На другой день мы сидим в хате. Папа пришел с церкви, отдыхает. Уже поздно было. Вдруг входит милитон Разладовский, тако засветил фонари­ком. Мама глянула: «Дети, о Боже, за папой пришли!»

 

Папа встал, подрясник одел. Христа одел. Милитон за Христа взял, как потянул: «Давай, сказывай, где у тебя литература». Папа молчит – ни слова. «Збирайся», – Разладовский кажет ему. Повел он его, и мы следом. Весна была, а мы босы – я, Петя, Борис – бидно жили – бежим; я к папе, а меня цей Разладовский как пиханет в живот. Привел его в сельраду а там еще два милитона. Один высокий такой. Мы под окнами ходим, плачем. Папа смотрит на нас. Так до ночи ходили. Мы змерзли. Мама плакала. Пришли домой – там Разладовский обыск робил. И все удивлялся: где ж литература? Две религиозны книги папины взял... Утром пришли, а папы нема. Сказали: подъехала така закрыта машина и забрала. Люди бачили, он рукой им махал. А мы уже больше папу не бачили.

 

В этом рассказе тетушки меня потрясает помимо всего прочего, фамилия милиционера. Бог шельму метит, не правда ли? Разладовский... Духовный брат Раскольникова, шагнувший со страниц романа Достоевского на землю Украины, чтобы разладить жизнь семьи, села, страны...

 

Его фамилия напомнила мне другую. В детстве, когда я жил в Илинцах, к окнам белой бабушкиной хаты подходил красивый старик, прямой, как шест, с гордо посаженной головой, и просил хлеба. Его звали пан Дымбовский. И хоть был он лишь несчастный, у которого отобрали все, кроме жизни (поляка считали помешанным, это, видимо, и спасло), шляхетское достоинство его отобрать было невозможно. И бабушка приказывала мне не смеяться над ним (хотя у меня в мыслях того не было) и всегда пригла­шала пана зайти.

 

В моих детских воспоминаниях – было мне тогда пять лет – бабушка ос­талась ласковой старушкой (а ей в 46-м еще не исполнилось пятидесяти), очень опрятной. От нее исходила такая чистота, что до сих пор стоит она в моих глазах каким-то белым видением: то ли лицо тому причиной, то ли белая косынка, в которую она убирала волосы.

 

Оставшись после ареста отца Кирилла одна с детьми, матушка Мария ходила по селу – просила сухари на посылку для мужа, из Илинцов шла с дочерями в Жмеринку: обстирывать тамошних жителей, «мастить хаты» –обмазывать глиной дома.
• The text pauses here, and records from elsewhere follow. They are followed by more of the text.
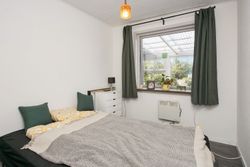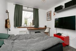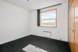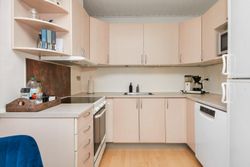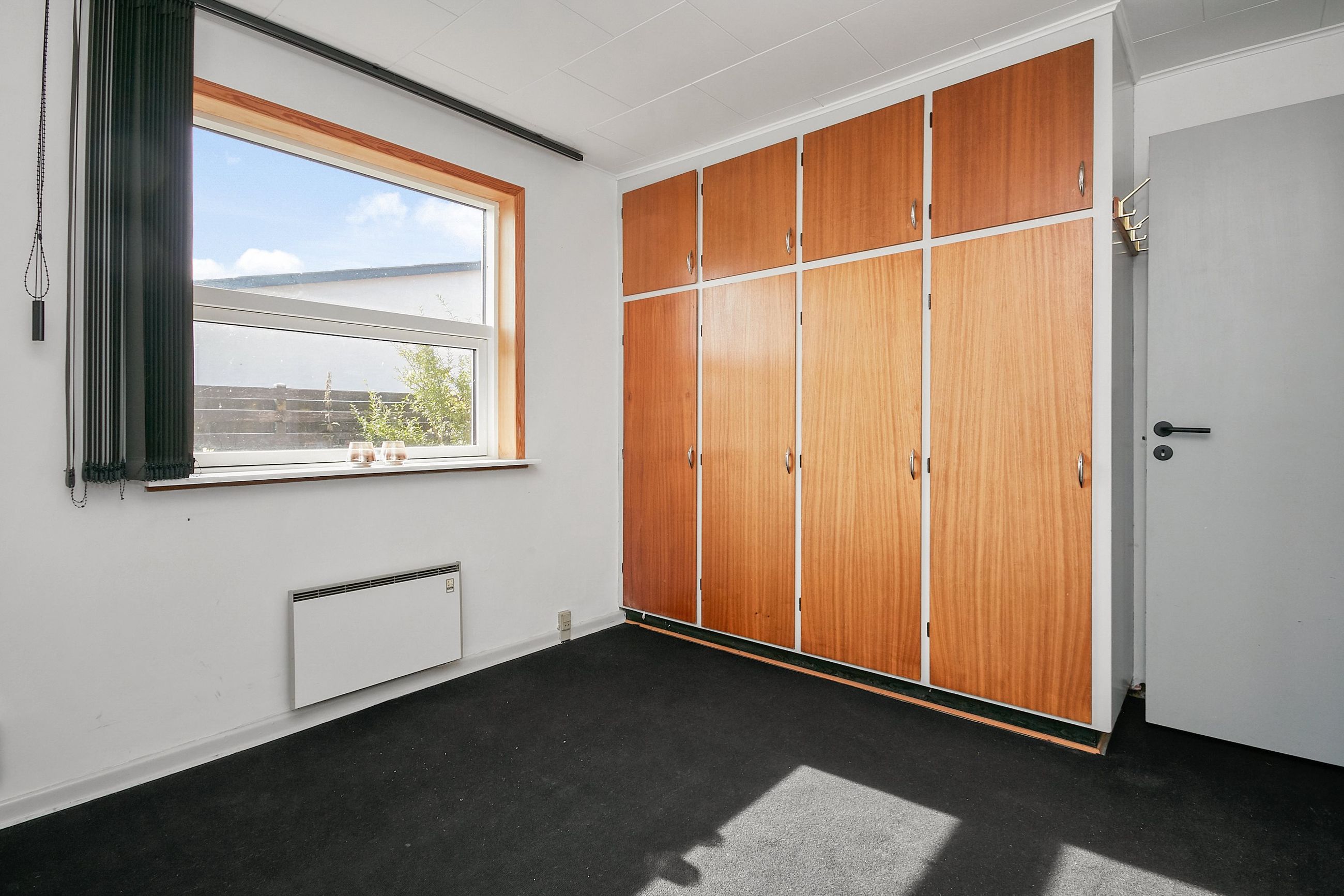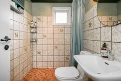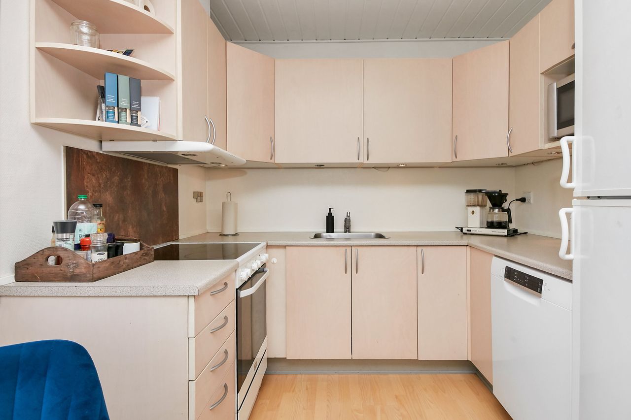 Køkkenet er lyst og funktionelt indrettet med masser af skabsplads og moderne faciliteter, hvilket gør madlavningen til en leg. Villaen rummer også et stort soveværelse med praktiske indbyggede skabe samt to ekstra værelser, som kan bruges som børneværelser, kontor eller gæsteværelser alt efter behov. Badeværelset er elegant designet med bruseniche og gode opbevaringsmuligheder. Derudover finder du et praktisk bryggers med plads til vaskefaciliteter.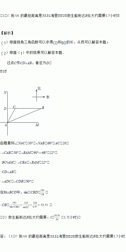 如图所示,位于处的海上救援中心获悉:在其北偏东![]()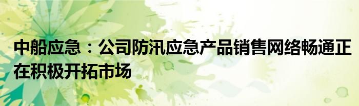 以上就是【中船应急:公司防汛应急产品销售网络畅通正在积极开拓市场】相关内容。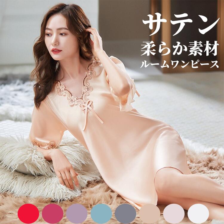 ネグリジェ 純白 ワンピース レディース ルームウェア サテン パジャマベビードール ロングネグリジェ シースルー セクシー ランジェリー レース 部屋着 ピンク ブラック おうち おうちコーデ 涼し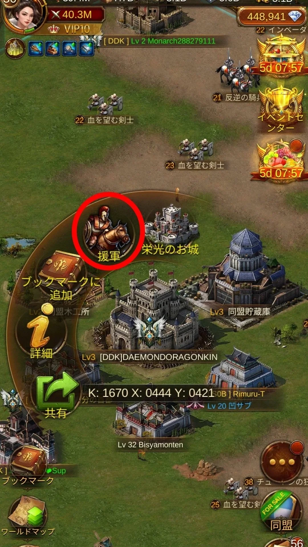 目的のクエストをクリアしたいプレイヤーは、自分の同盟の**アライアンスビル(同盟の建物)**に援軍を送ります。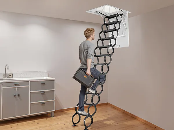 Pööningul redeli sobib 10.5-11 jalga laed ≥5.12 paksusega ja 2 seina vahe. Sulam, teras X-raam, hinged, ja toetada vardad hoidke 660 lbs 5,5" samme, libisemisvastased jalad, dual hüdrauliline vardad, mida on hõlbus kasutada. Sisaldab tõmba varras, ring -, magnet-uks. Voldid 38.6x27.2x17.3 on lihtne ladustada.
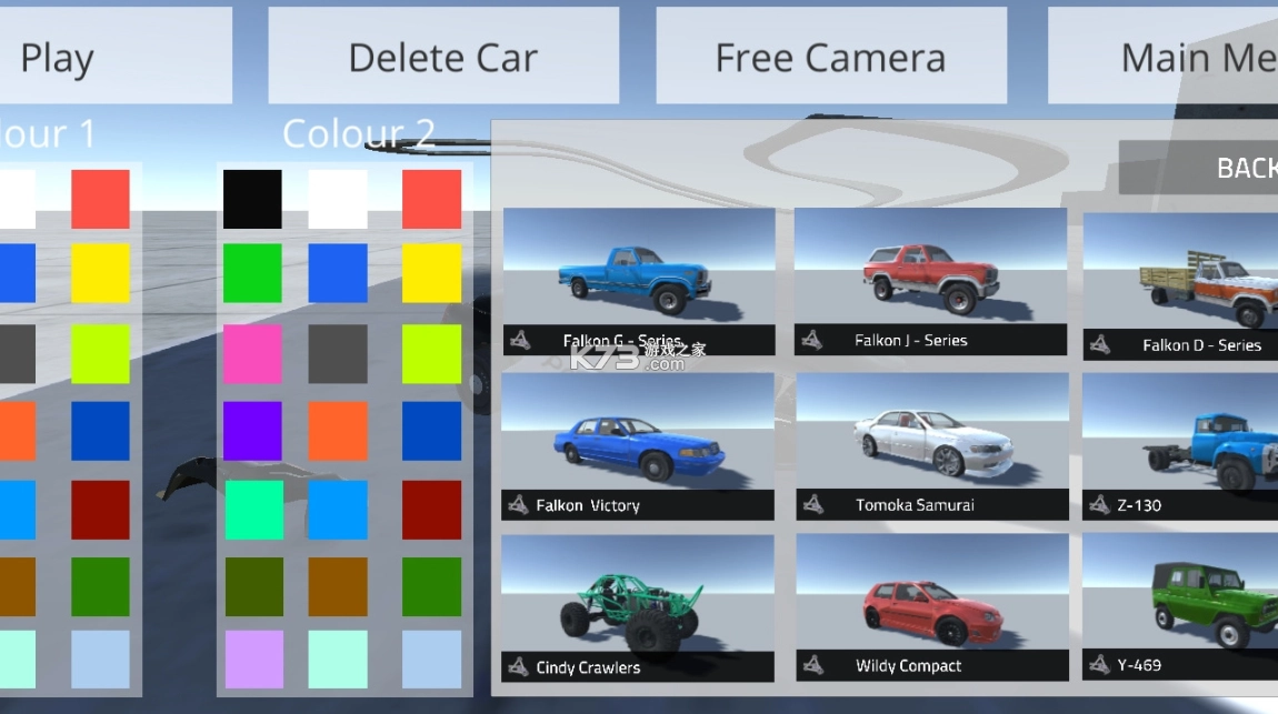 玩家能在这里选择各种不同的车型进行驾驶体验,你可以在各种崎岖的道路中自由的进行高速行驶。如果在辛迪汽车驾驶游戏中发生车祸,车辆将在真实的物理引擎下被破坏、解体,你可以一键扫除这些残骸,然后换一辆车继续你的驾驶体验。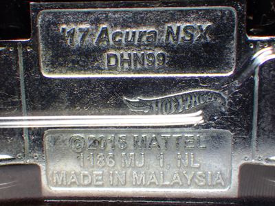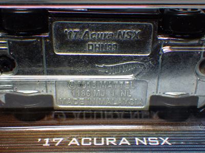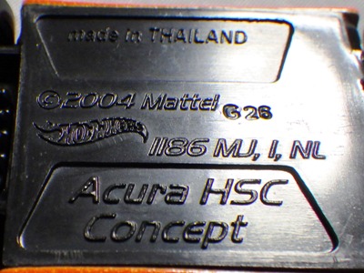 | 2017年2月8日にヤフオクに登場したパッケージなしのルース品を落札。ヤフオクで毎日欠かさずチェックしているNSXと違い、HSCは長い間、全くのノーチェックだったので、いつ頃発売されたのか、どのようなパッケージに入って販売された商品なのかは全く分からない。ただ、モデル裏板の刻印は「E50」 となっていることから、アルファベットは発売年、数字はその年の週を表しており、2008年が「A」、2009年が「B」…となっているらしいので、「E50」は2012年の50週目、つまり12月の中旬に製造されたことを表していると見てよい。ちなみに、このアルファベットのルールは「H」で表される2015年まで続いたのだが、なぜか「I」が飛ばされて、2016年モデルは「J」で表現されている。数字の「1」と見分けが付きにくいからであろうか。 |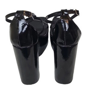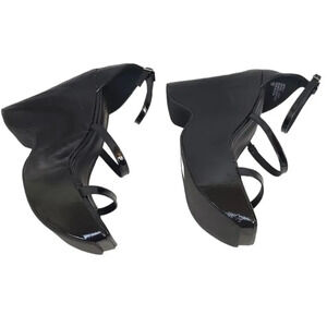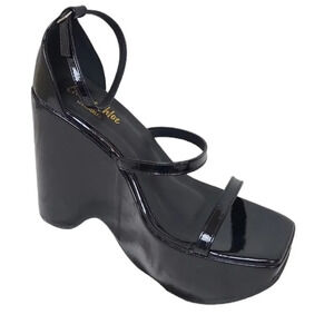 CHASE + CHOLE ASTRA PLATFORM WEDGE ANKLE STRAP SANDAL IN BLACK METALLIC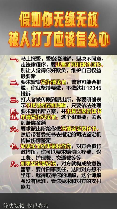 无缘无故被打,法律如何维权? 非常理解您此刻的愤怒、委屈和无助,无缘无故被打,这在法律上被称为“故意伤害”或“寻衅滋事”,是明确的违法行为,您完全有权利拿起法律武器保护自己,以下为您梳理了相关的法律知识和应对步骤,希望能帮助您理清思路,妥善处理,第一部分:核心法律知识(对方可能触犯的罪名)根据您被打的情节严重程度,对方的行为可能...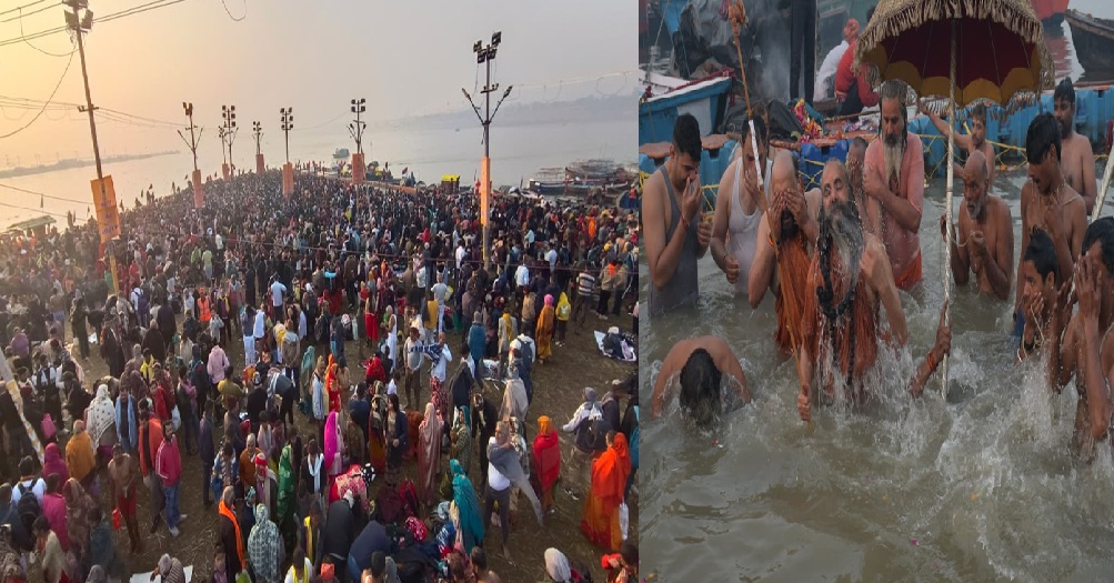 प्रयागराज। माघ मेला 2026 के द्वितीय स्नान पर्व मकर संक्रांति पर संगम नगरी प्रयागराज में आस्था और श्रद्धा का विराट दृश्य देखने को मिला। मेला प्रशासन के अनुसार इस पावन अवसर पर करीब 1 करोड़ 3 लाख श्रद्धालुओं ने त्रिवेणी संगम में पवित्र स्नान कर पुण्य लाभ अर्जित किया। इससे पहले एकादशी पर्व पर भी लगभग 85 लाख श्रद्धालुओं ने संगम में डुबकी लगाई थी।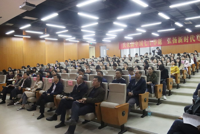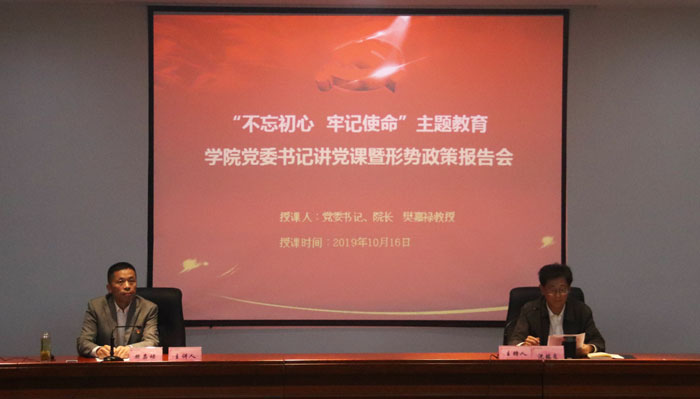 10月16日下午,学院“不忘初心、牢记使命”主题教育专题党课暨形势政策报告会在美术楼一楼报告厅举行。学院党政领导班子成员、中层以上党员干部(含助理)、各党总支委员、各党支部书记、全体教职工党员和部分学生党员参加会议,省委主题教育第十六巡回指导组成员到会指导,学院党委副书记沈端良主持会议。学院党委书记、院长、学院主题教育领导小组组长樊嘉禄以“坚守初心,勇于担当,努力办好人民满意的艺术学院”为题,为与会党员上了一堂生动的专题党课暨形势政策报告。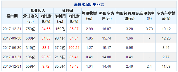 海螺水泥3月23日最新公布的2017年年報(bào)顯示,其營業(yè)收入753億元,同比增長34.65%;歸屬于上市公司股東的凈利潤159億元,同比增長85.87%。基本每股收益2.99元。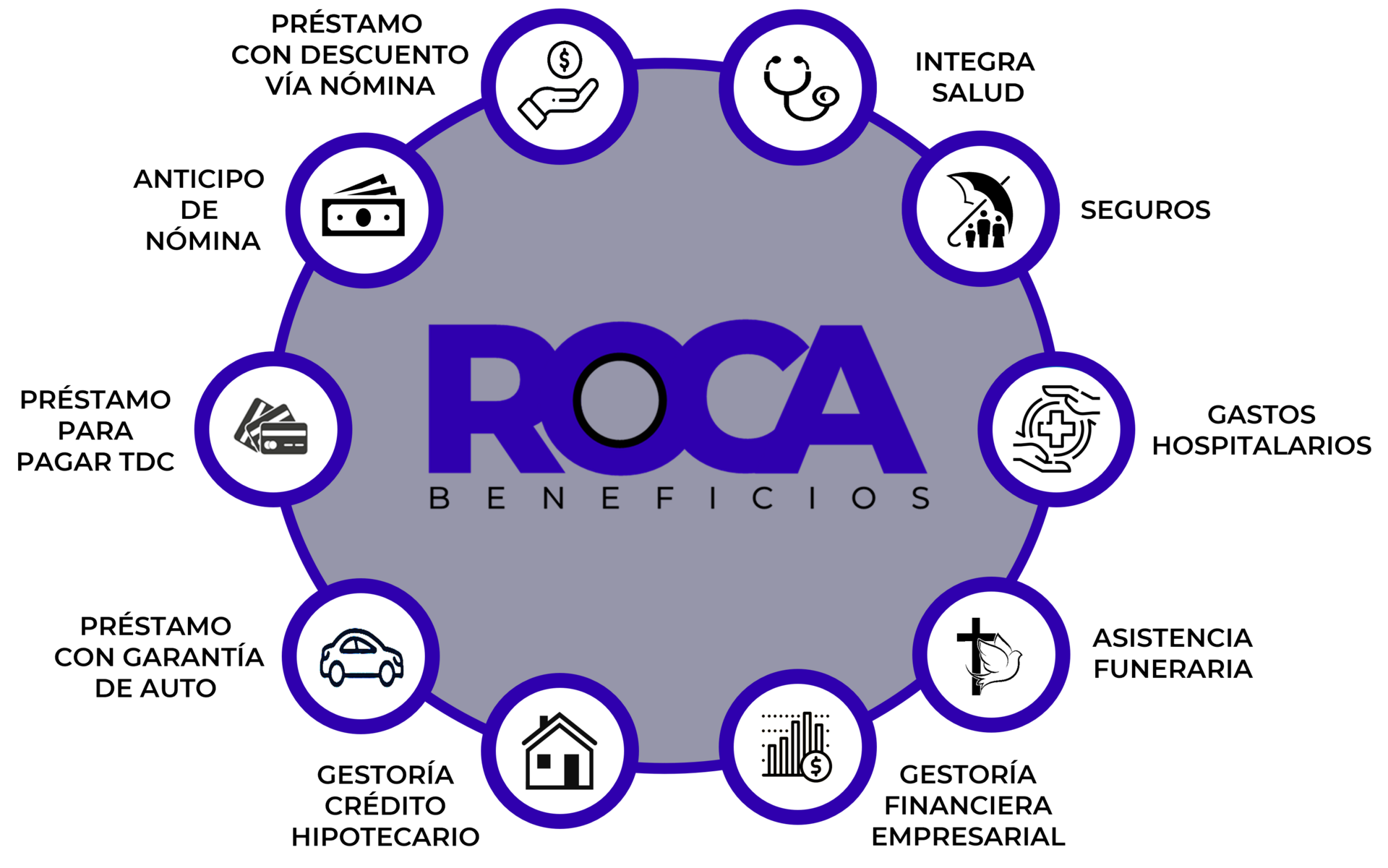ROCA Beneficios, S.A.P.I. de C.V. Una Empresa mexicana integrada por un equipo de Profesionales y expertos en diferentes áreas enfocados en ofrecer a las Empresas los mejores beneficios y soluciones integrales a sus colaboradores contribuyendo así al binestar laboral, económico, físico y mental.

Платили им буханкой хлеба, реже деньгами, а са­мое главное – иногда давали сливочного масла, которое бабушка томила в печи и посылала в Житомир, где умирал от туберкулеза ее сын Виктор. В письмах он все спрашивал: «Как папа?» А в единственном дошедшем до нее письме дедушки был вопрос: «Как Виктор?»

 

– Папа писал, – вспоминает Галя, – что он в Сибири, где вьюга, на сплавке леса. Одеться, жаловался, так дали, что душа не согревается. Ноги мокры всегда... А после того письма скоро мы поехали в Житомир хоро­нить Витю…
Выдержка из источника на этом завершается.